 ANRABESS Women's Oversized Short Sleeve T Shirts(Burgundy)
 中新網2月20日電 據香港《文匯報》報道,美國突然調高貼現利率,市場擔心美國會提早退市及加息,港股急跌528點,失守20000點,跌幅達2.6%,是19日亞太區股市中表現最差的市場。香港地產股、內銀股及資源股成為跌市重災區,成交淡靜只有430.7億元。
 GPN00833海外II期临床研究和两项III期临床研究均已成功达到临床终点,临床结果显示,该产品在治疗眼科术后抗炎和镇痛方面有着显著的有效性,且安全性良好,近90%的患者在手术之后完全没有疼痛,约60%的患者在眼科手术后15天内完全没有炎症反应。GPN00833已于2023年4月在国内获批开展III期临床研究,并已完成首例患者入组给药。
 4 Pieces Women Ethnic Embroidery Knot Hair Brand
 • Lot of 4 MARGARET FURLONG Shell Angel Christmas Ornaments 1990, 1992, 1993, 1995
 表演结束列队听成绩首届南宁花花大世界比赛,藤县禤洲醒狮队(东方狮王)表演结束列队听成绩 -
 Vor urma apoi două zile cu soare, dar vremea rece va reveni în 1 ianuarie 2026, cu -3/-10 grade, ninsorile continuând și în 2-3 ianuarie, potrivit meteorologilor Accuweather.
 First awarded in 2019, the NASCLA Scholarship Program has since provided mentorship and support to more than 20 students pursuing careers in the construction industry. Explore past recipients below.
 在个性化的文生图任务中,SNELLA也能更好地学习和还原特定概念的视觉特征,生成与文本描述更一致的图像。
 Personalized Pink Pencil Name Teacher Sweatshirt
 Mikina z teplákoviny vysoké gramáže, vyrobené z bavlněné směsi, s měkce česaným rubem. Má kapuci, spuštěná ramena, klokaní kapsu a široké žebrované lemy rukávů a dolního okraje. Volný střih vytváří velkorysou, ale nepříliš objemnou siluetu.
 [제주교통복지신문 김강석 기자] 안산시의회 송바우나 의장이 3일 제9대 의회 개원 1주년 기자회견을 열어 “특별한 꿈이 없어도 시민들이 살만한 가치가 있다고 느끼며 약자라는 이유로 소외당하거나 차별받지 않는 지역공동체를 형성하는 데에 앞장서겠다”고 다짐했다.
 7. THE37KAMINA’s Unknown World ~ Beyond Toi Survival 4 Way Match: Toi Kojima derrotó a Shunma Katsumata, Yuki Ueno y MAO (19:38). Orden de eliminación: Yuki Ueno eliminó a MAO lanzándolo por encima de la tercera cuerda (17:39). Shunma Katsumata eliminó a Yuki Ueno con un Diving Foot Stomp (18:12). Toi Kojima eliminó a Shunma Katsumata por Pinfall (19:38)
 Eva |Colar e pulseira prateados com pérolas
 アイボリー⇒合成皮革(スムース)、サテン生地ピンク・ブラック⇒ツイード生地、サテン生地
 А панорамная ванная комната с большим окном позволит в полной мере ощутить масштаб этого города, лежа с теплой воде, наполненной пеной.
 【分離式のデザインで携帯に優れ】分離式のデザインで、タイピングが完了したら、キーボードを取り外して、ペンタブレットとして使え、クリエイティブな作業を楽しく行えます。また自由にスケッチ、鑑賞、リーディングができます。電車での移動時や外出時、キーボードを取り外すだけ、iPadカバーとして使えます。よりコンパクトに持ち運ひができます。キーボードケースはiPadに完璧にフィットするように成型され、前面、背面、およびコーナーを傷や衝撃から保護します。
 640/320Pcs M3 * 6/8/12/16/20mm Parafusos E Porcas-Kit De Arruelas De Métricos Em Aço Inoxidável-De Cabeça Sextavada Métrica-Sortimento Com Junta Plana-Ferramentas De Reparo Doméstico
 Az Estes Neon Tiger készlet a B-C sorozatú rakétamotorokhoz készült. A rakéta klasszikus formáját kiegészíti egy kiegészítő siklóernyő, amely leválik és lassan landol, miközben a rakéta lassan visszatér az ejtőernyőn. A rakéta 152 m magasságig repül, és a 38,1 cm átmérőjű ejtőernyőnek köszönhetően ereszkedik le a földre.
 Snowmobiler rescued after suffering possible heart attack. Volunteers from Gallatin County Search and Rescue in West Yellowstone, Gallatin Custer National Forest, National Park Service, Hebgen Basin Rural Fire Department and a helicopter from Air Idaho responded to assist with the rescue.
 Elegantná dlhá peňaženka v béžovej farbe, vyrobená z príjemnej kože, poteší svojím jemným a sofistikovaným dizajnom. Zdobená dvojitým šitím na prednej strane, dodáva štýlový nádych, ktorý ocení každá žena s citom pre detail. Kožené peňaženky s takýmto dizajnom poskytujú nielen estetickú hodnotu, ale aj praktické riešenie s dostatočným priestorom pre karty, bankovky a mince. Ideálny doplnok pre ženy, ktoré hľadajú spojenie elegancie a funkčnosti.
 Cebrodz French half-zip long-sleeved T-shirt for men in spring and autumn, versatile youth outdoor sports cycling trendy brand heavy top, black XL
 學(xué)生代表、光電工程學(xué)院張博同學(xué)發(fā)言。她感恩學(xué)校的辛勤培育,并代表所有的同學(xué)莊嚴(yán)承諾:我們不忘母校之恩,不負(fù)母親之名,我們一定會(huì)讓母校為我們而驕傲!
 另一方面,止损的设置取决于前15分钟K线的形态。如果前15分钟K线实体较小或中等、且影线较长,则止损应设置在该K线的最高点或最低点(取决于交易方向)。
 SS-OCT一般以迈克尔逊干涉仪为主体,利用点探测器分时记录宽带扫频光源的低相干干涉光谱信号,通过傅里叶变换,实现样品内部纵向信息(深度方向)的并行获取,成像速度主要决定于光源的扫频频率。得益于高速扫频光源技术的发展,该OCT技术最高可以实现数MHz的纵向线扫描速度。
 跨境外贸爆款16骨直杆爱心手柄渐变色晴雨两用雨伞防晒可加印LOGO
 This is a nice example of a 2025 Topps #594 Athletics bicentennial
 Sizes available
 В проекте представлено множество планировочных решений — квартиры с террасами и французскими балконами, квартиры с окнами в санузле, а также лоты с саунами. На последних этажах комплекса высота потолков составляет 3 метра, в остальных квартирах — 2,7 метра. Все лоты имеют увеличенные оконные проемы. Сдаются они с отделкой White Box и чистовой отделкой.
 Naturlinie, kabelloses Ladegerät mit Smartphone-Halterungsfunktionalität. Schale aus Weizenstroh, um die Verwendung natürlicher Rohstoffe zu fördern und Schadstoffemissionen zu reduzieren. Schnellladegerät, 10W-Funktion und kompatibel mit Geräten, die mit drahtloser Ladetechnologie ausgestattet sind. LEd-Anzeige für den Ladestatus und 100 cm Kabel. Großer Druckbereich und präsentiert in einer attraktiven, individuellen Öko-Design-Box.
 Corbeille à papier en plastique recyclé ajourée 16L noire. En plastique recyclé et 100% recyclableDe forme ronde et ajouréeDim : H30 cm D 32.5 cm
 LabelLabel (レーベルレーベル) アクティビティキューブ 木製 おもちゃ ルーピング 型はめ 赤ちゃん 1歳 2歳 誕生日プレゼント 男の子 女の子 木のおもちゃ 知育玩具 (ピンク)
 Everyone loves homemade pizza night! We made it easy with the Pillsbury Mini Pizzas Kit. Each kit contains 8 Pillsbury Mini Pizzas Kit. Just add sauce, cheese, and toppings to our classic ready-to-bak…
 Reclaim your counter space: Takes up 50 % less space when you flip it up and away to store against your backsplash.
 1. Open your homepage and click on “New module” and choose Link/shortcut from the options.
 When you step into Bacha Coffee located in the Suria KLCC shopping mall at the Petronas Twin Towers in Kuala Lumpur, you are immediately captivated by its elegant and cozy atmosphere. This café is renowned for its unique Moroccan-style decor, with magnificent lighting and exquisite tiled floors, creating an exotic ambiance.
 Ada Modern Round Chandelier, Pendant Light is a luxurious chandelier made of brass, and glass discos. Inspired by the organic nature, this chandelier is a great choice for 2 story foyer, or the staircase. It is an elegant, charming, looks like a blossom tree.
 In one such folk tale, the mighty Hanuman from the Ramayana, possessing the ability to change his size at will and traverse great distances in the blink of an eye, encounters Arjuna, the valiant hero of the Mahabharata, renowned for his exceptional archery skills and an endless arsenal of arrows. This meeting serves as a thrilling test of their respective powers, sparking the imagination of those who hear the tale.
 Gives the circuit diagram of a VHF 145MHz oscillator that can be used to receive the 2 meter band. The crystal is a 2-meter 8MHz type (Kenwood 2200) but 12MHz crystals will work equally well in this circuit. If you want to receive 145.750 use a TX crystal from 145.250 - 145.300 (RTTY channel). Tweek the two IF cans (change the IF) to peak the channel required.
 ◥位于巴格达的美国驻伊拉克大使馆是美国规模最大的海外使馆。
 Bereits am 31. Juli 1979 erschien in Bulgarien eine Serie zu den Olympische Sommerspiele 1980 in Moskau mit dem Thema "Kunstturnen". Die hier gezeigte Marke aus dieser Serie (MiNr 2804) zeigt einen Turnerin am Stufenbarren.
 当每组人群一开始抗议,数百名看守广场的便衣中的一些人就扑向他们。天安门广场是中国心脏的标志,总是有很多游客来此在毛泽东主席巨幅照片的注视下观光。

##############################

> _EXERCISE REQUIREMENTS_: Copy out the lines above exactly, beginning at the one that contains "GPN00833海外II期临" and ending at the one that contains "Personalized Pink Pencil".

> _TASK RESULT_:
 GPN00833海外II期临床研究和两项III期临床研究均已成功达到临床终点,临床结果显示,该产品在治疗眼科术后抗炎和镇痛方面有着显著的有效性,且安全性良好,近90%的患者在手术之后完全没有疼痛,约60%的患者在眼科手术后15天内完全没有炎症反应。GPN00833已于2023年4月在国内获批开展III期临床研究,并已完成首例患者入组给药。
 4 Pieces Women Ethnic Embroidery Knot Hair Brand
 • Lot of 4 MARGARET FURLONG Shell Angel Christmas Ornaments 1990, 1992, 1993, 1995
 表演结束列队听成绩首届南宁花花大世界比赛,藤县禤洲醒狮队(东方狮王)表演结束列队听成绩 -
 Vor urma apoi două zile cu soare, dar vremea rece va reveni în 1 ianuarie 2026, cu -3/-10 grade, ninsorile continuând și în 2-3 ianuarie, potrivit meteorologilor Accuweather.
 First awarded in 2019, the NASCLA Scholarship Program has since provided mentorship and support to more than 20 students pursuing careers in the construction industry. Explore past recipients below.
 在个性化的文生图任务中,SNELLA也能更好地学习和还原特定概念的视觉特征,生成与文本描述更一致的图像。
 Personalized Pink Pencil Name Teacher Sweatshirt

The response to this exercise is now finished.